America’s decline will be both financial and political. Financial due to the recalibration of what the world thinks of America’s debt load, and therefore their confidence in and need for the dollar. Political, because America

has got used to being able to enforce its foreign policy through sanctions and embargoes. But once oil and other goods and the nations trading in them, no longer need the dollar for their trade, and do not have to use US clearing or custodial banks, then this power evaporates.

Try to imagine the shift in power when Wall Street’s banks are no longer guaranteed top position as the world’s custodial banks and Manhattan’s Southern District Court (Wall Street’s court) is no longer in a position to dictate to whole nations via decisions upon Wall Street Custodial banks, what debts those nations and their custodial banks must pay and to whom. The whole edifice of Bilateral Investment Treaties and the trade agreements they sit inside, depends for enforcement upon the US banks being the custodial banks and the Southern District court’s rulings being able to tell those banks what they must do. Take that power away, which will happen if the dollar is no longer pre-emininent, and America will no longer be able to enforce its foreign policy or world view via economic sanction.

I think the main US banks will be positioning themselves to try to bridge this decline by having a major presence in Hong Kong. They are all already there but will be working to be part of the new Yuan-world of trade and clearing.

Of course this is speculation. But it seems to me the underlying evidence of the previous decade makes it worth thinking about.

If I am in any way correct then I think other things follow.

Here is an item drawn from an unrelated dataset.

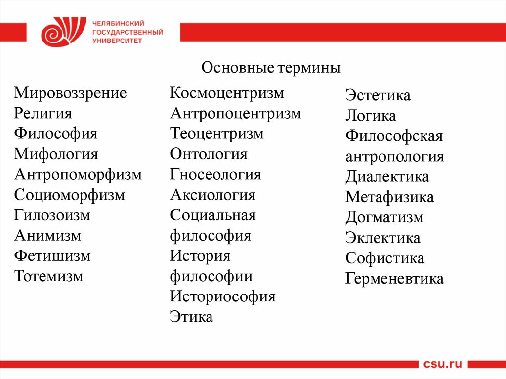 Основные терминыМировоззрение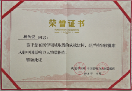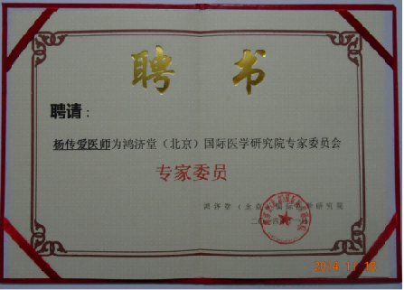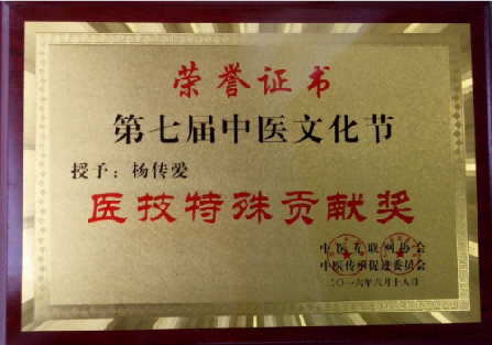 现如今,身为北京四知堂国际医学研究院院长的杨传爱,在为广大患者进行医治的同时,兼任了北京世针联埋线专家委员会委员、鸿济堂(北京)国际医学研究院专家委员,继续深入研究新的课题,攻克新的疑难杂症,同时,还兼任了靳氏截针大舞台专职讲师、中华美江绿色疗法研究会第一届理事会理事、海峡两岸医药卫生交流协会中医药专业委员会客座教授等职务,把相关知识、技术传授给更多同行,正如他所言,授之以鱼不如授之以渔,希望新医疗方法能帮助更多患者走出病痛的折磨。

I think the House of Saud knows it’s future is in question. I have written a lot about how I see Qatar rising to rival Saudi. Qatar not Saudi has the Yuan clearing house. Saudi is late to the party. Can Saudi risk being seen to move away from its

traditional ally, America? If it does, too quickly, and signs yuan trade deals it risks falling as soon as Americal turns its back. If it doesn’t move quickly enough it risks being completely eclipsed by Qatar, having to go to Qatar cap in hand to trade its oil with Russia and China.

I see the political changes within the House of Saud as signs of the internal struggles to decide which way to go. I personally think the House of Saud will fall.

I also think the position of Israel under its present leadership is also very fragile. Israel needs Saudi. While they may seem to be on opposite sides, in many ways they are on the same side. If the House of Saud falls or changes allegiances from America to Russia/China then Israel will become even more isolated than it is. And of course if America is eclipsed and does enter a period of decline, then Israel will go with it.

If any of the above is near the mark, will it mean the end of America? Of course not. American’s will still work and sleep and raise their children like everyone else. But the pre-eminence of the dollar and American finance will decline as the stock of dollar denominated bonds and debt agreements expires, and with it the power and wealth of many of America’s elite. How that decline will sit alongside America’s still overwhelming military power I don’t know.

Of course what I have suggested above is merely speculation but personally I think another debt crisis will happen, because never ending QE and Central Bank debt buying cannot go one for ever, and what China does in the next few months could very well destabilise the whole unstable system. Many people will suffer and lives will be blighted. But I wonder if, when we all look back from a decade or a generation after, if we won’t think it lucky the crisis did finally come and the system we have been slaving under since 2007 as well as those who have forced it upon us for their own enrichment, were called to account.

It is difficult to accept that such historic changes could occur. But history has not ended despite what some have claimed.

Rumours of History’s end have been, in my opinion, greatly exaggerated. History is very much alive and happening to us, now. We are, as the Chinese saying goes, living in interesting times.